Diário do Alentejo

A força da raiz
Opinião

A força da raiz

Vítor Encarnação

29 de março 2025 - 08:00

Conheço um homem que não abandonou a raiz. Mesmo quando se confrontou com outras sensibilidades, outras alternativas, a raiz imperou e definiu o caminho. A raiz não sai de dentro dele e ele não sai de dentro da raiz. Ele e a raiz são a mesma coisa, a mesma terra, o mesmo ventre, o mesmo som, as mesmas mãos, o mesmo coração, o mesmo peito, a mesma boca, a mesma voz. Conheço um homem que tem uma voz que sabe a pão e quando ele a reparte saboreamos côdea, miolo, fermento, terra, semente. Quando ele nos dá a sua voz de trigo matamos a fome, ficamos saciados de memórias e dos colos das nossas mães.

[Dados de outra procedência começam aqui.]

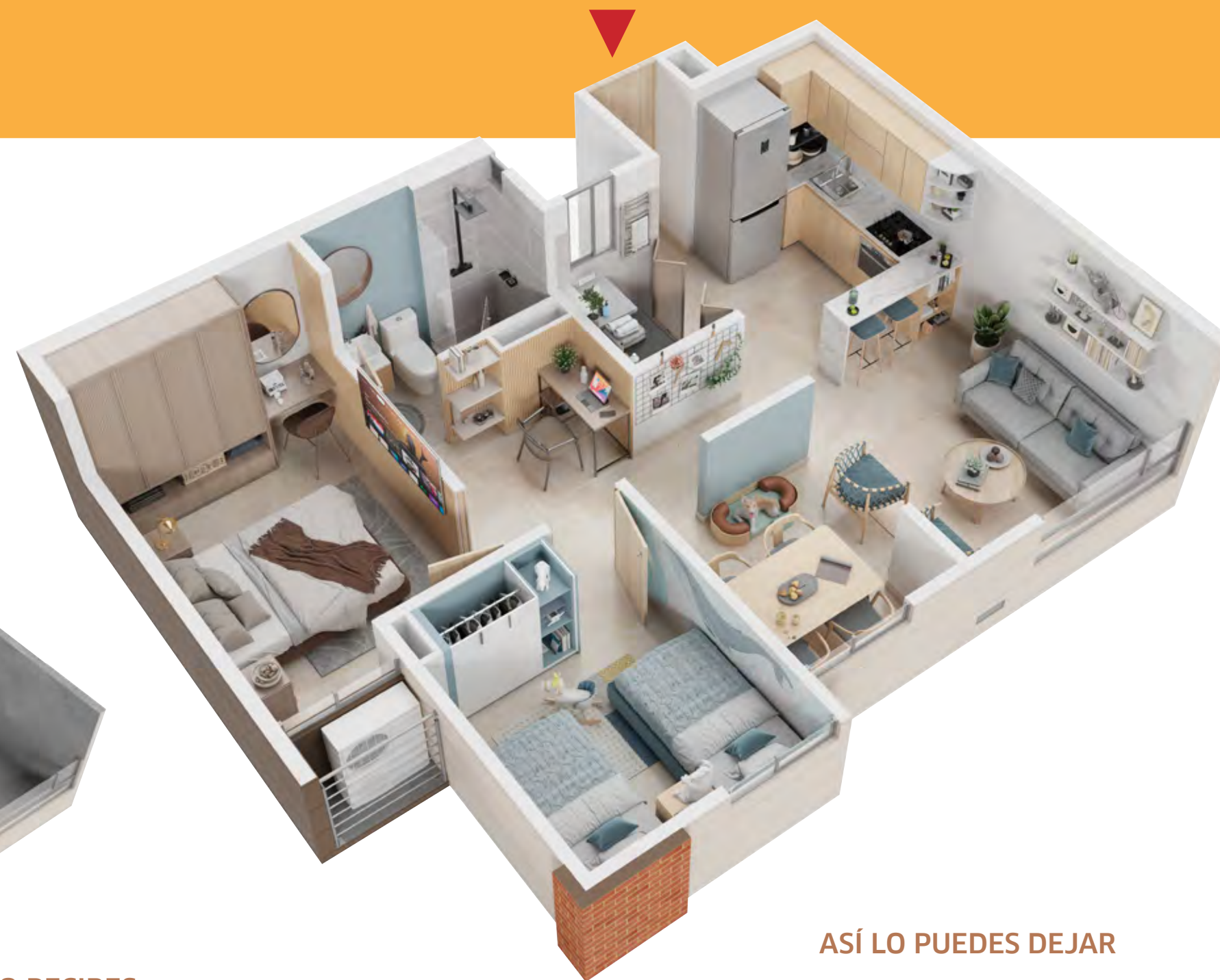
ASÍ LO PUEDES DEJAR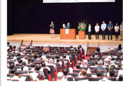
平成30年10月9日 地域のつながりを考える市民フォーラムを開催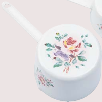
101-0226 プリンセスローズ 片手計量カップ 200ml ¥3,960 (¥3,600) <1P> Φ8 長さ 17.5 H5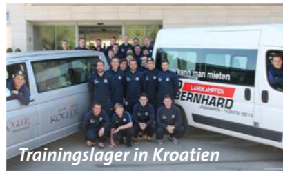
Trainingslager in Kroatien

Bei der Hallenlandesmeisterschaft schnitt unsere Mannschaft hervorragend ab. Die Vorrunde in Mittersill wurde gewonnen , die Zwischenrunde in Bischofshofen beendeten wir auf dem 4. Platz und wurden somit beste Pinzgauer Mannschaft .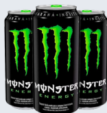
ENERGÉTICO MONSTER 473 ML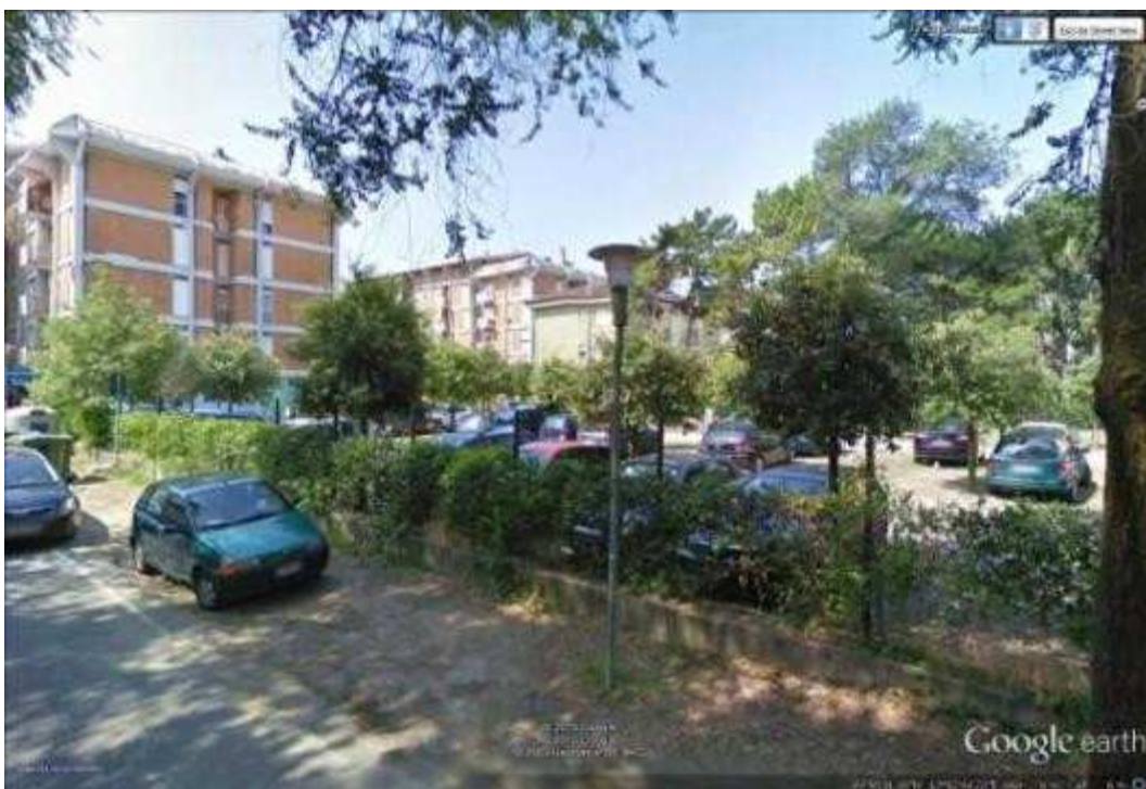
Foto 3 Vista posti auto da Via del Leone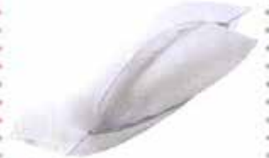
Çift taraflı yastık, Penelope.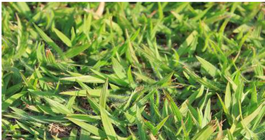
Imagem 01 - DIAVE/DPI: Grama batatais ( Paspalum notatum )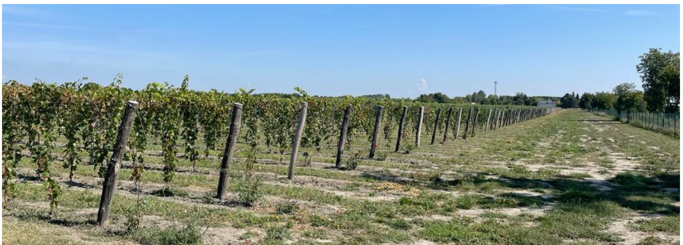
Areal med vinstokke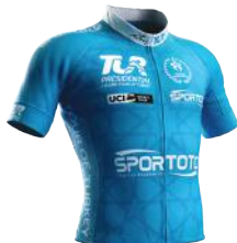
Turkuaz Mayo Turquoise Jersey Sam Bennett Bora Hansgrohe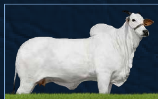
ENDDY TE DA FORT. VR - AvÓ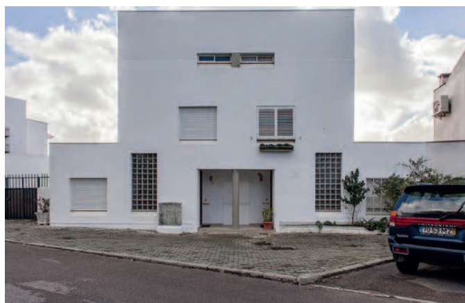
FIG. 7 Acessos às habitações unifamiliares com caixa de correio coletiva da SOCASA, Azambuja, 2017 (Duarte Cabral de Mello e equipa). João M Almeida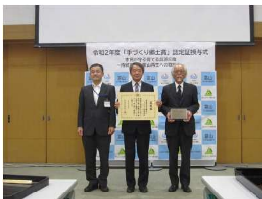
5月26日 手づくり郷土賞認定証授与式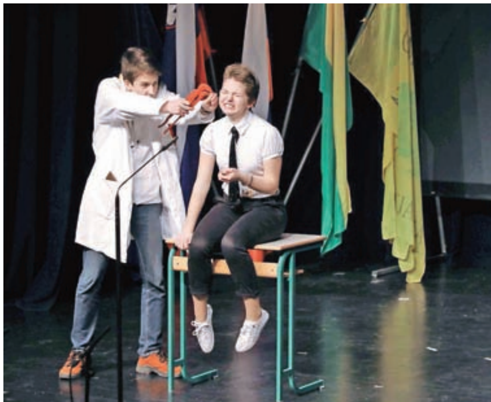
Z mislijo, da je ljubezen do ruščine prav nalezljiva, so napovedali skeč Gimnazije Škofja Loka.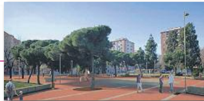
Imatge virtual de la Plaça Roja de Sant Roc

Els processos participatius han permès afegir propostes del veïnat per millorar el disseny original d'ambdues places.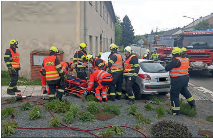
Záchranné práce u dopravní nehody ve Slatiničích.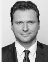
Mgr. Radek Vondráček předseda, Poslanecká sněmovna Parlamentu České republiky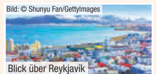
Blick über Reykjavik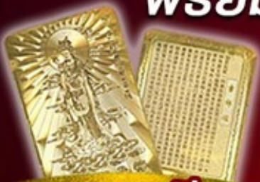
แถมฟรี แผ่นทองเจ้าแม่กวนอิม

Conheço um homem que pegou na raiz, levantou-a e iluminou a tradição, fez-se ao caminho sem medo de estar a voltar para trás, ninguém volta para trás quando vai ao encontro dos seus, ninguém retrocede quando vai ao encontro da sua essência. Conheço um homem que nos põe dentro da sua voz, a sua voz é a nossa pronúncia, um serão, a soleira da porta, uma légua de palavras, um fogo aceso, um copo de vinho, um bocado de linguiça, o silêncio da lonjura, poejos e hortelã da ribeira, a morte dos nossos, o nascimento dos nossos. A sua voz é a casa onde moramos. Conheço um homem que sabe que não há futuro sem presente, nem presente sem passado. É da raiz que nasce o tronco e é da flor que nasce o fruto. A maior parte dos homens e das mulheres perderam a voz, a nossa voz, disseram-lhes que não valia a pena, que era tudo ridículo. Mas este homem que eu conheço encheu a boca de ar azul do horizonte e foi lavrar a terra já seca de vozes. Tocou-a com as mãos, regou-a com a garganta e hoje tem uma seara de vozes pequeninas. E quando a seara canta a pele do Alentejo arrepia-se.